The Manchester Business Association will have its chance to appeal directly to voters, thanks to the Select Board voting to place its request for $50,000 in matching funds, a portion of which it intends to share with ITVFest, on the town meeting warning.

The association is seeking $50,000 from the "local option" tax — the 1 percent levy on hotel rooms, meals, alcohol and some retail purchases. It says it will match that sum with its own privately raised contributions, and then share $20,000 with ITVFest.

Last Thursday, the Select Board briefly considered another option: A grant-funding program for economic development, administered by an appointed committee and setting specific criteria for applicants to qualify and successfully apply.

It's an intriguing option. A formal grant process with a clearly outlined set of criteria and rules, such as return on investment and the presence of matching funds, would give would-be applicants direction on what they can expect, and decision-makers a clear template to follow. That, in turn, would partially get the Select Board out of the business of playing gatekeeper for similar funding requests.

It would also remove the responsibility for appropriating such funding, and with it a measure of direct control over spending, from Town Meeting voters. Whether the voters are comfortable giving up that responsibility is a question only they can answer.

We would not be surprised to see this proposal revisited for next year's Town Meeting, particularly as Manchester's portfolio of events, from festivals and concerts to soccer and lacrosse tournaments, continues to grow. From our perspective, there would have to be assurances that the process would be public and transparent, based upon fair criteria, and verifiable.

As for MBA's request, the board agreed with Chairman Ivan C. Beattie, who questioned whether a brand new grant funding proposal at this late date would offer enough clarity to Town Meeting voters. The voters would be better-equipped to make a decision if they knew who was seeking the funding and why, he said.

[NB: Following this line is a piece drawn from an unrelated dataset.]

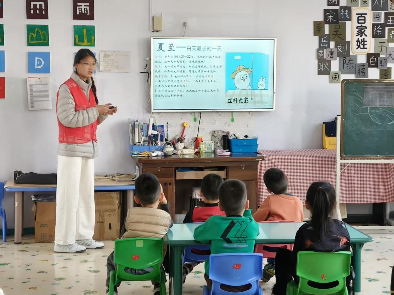 活动现场,志愿者们依托精心制作的PPT,以四季为脉络,对立春、夏至、大雪、冬至等典型节气进行深入浅出的讲解。讲解过程中,志愿者们巧妙地将歌词中的节气与对应的气候特征、物候现象及民间习俗相联系,并穿插趣味问答,使孩子们在寓教于乐的互动中,将旋律记忆转化为具体认知,深化了对节气文化内涵的理解。
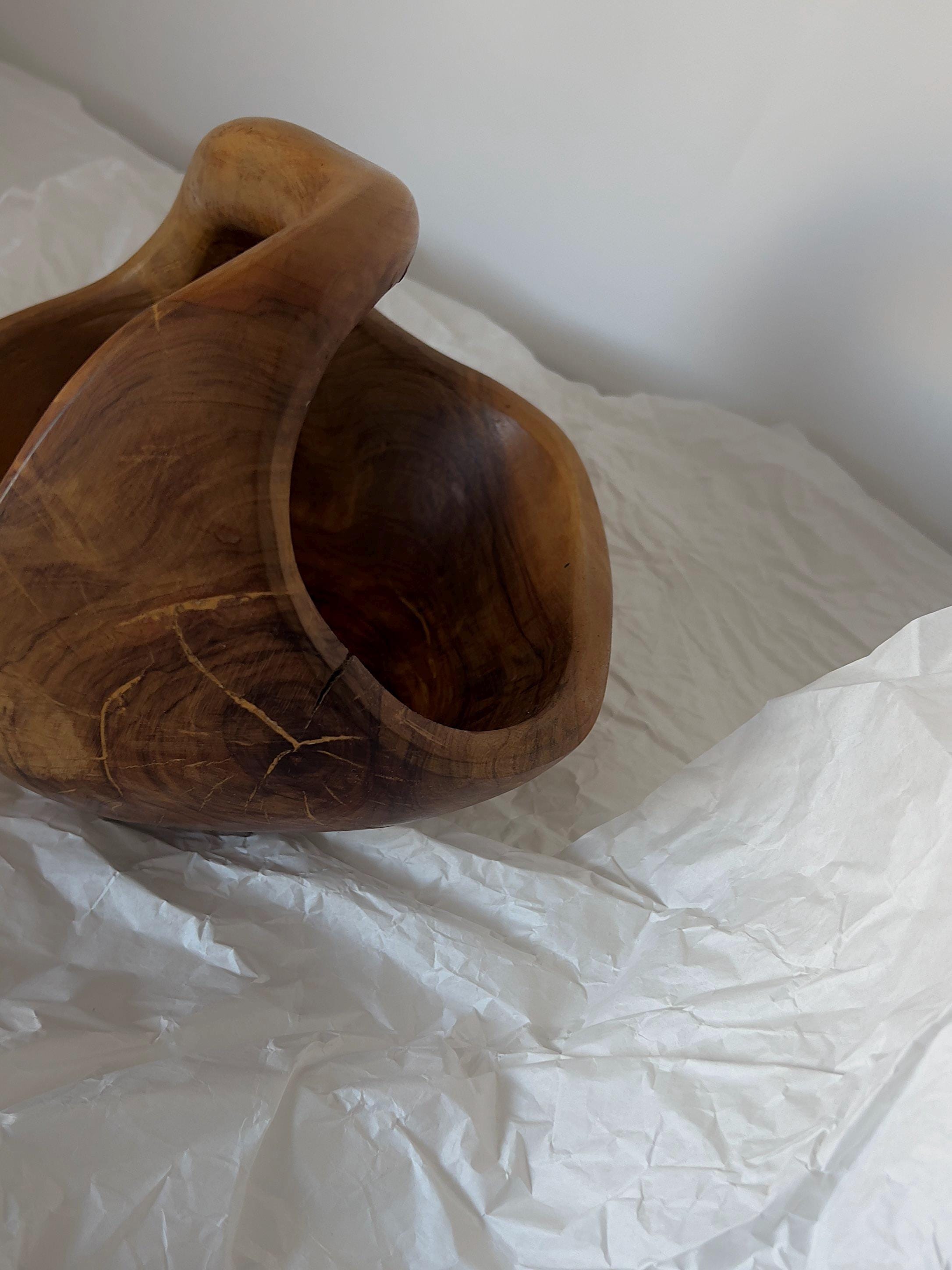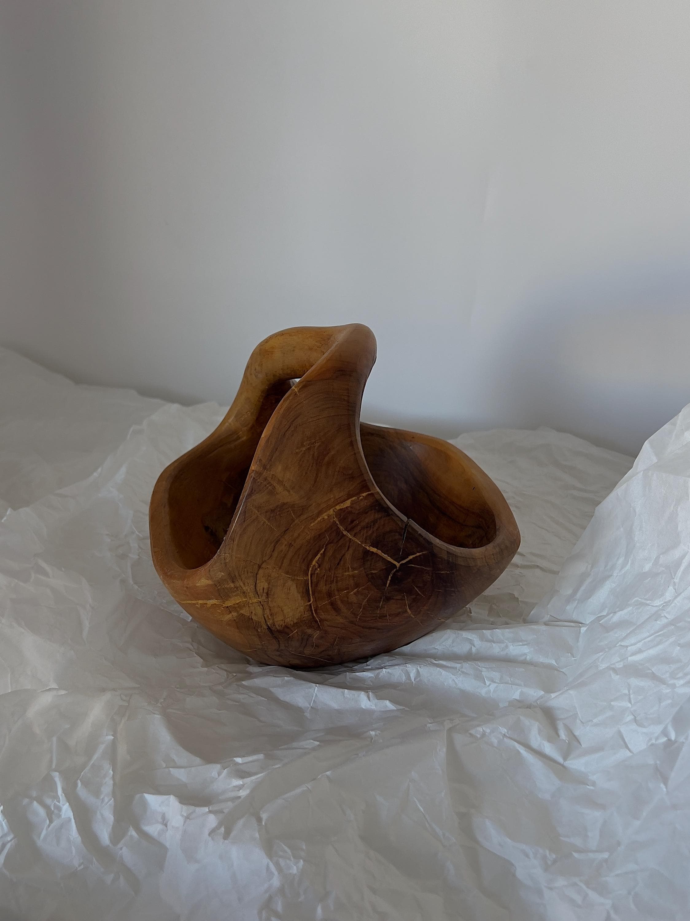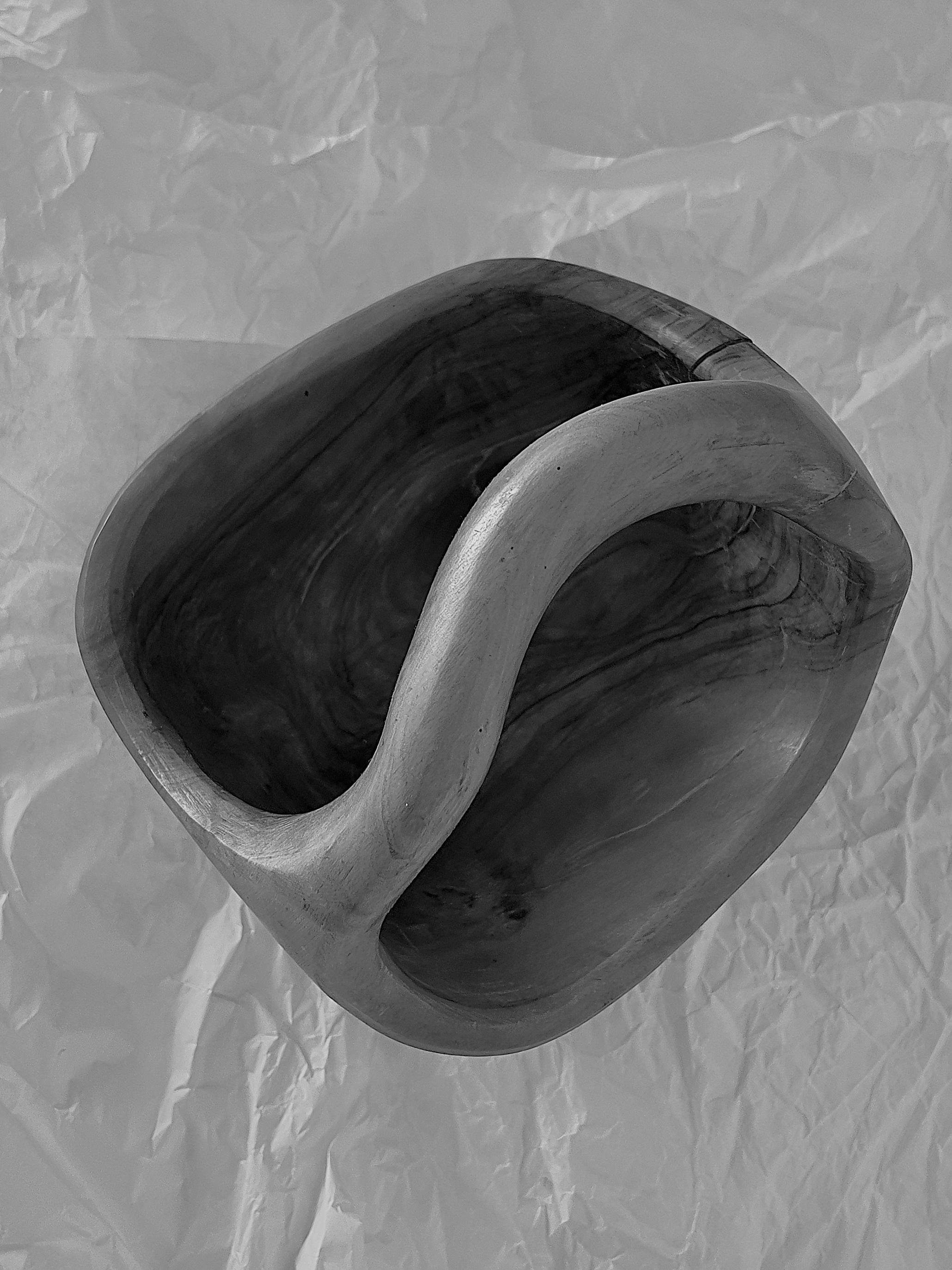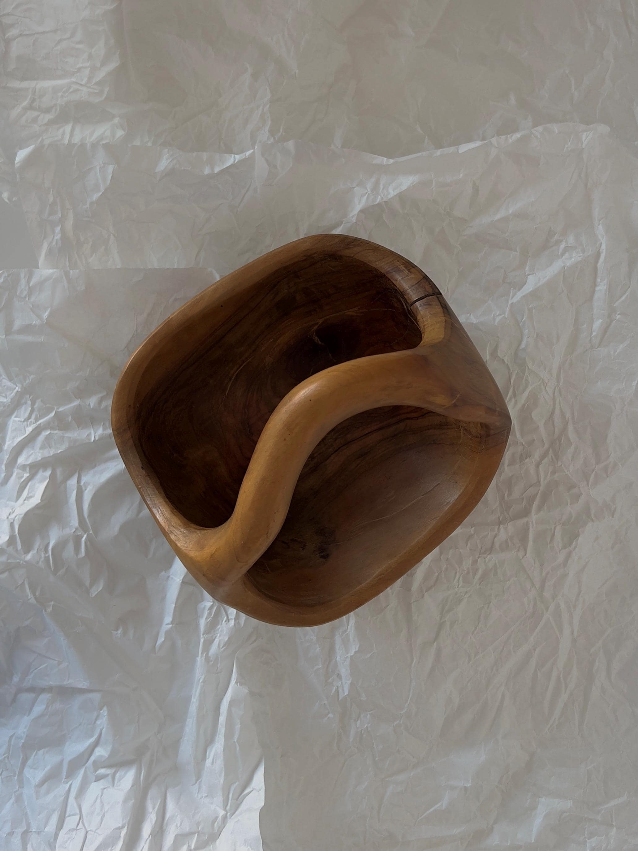 A hand-carved wooden basket bowl, sculpted from a single block of hardwood. Its flowing form and integrated handle create a piece that feels both organic and intentional. The rich natural grain makes every angle unique, while the warm patina tells the story of its age.

While the grant proposal has merit, we agree with Beattie that the association deserves to make its case directly to the voters. And so, Town Meeting will have that discussion — one of many on the agenda that are worthy of voters' time and attendance March 3.

Voters will also be asked to decide if the Australian ballot vote is the right way for the town to seek permission to purchase land for a bike trail. The Board of Water Commissioners is proposing a special assessment district that would impose a charge on water customers and properties within 1,000 feet of a hydrant. The town wants to know if it should appoint, rather than elect, a town treasurer in the future. And last and not least, there's a non-binding resolution placed on the warning by EarthMatters, calling on the town to take a more active role in promoting renewable energy and taking faster action to kick the fossil fuel habit.

This is important stuff, and it deserves an audience of active participants, far more than the 149 voters who attended Town Meeting last year.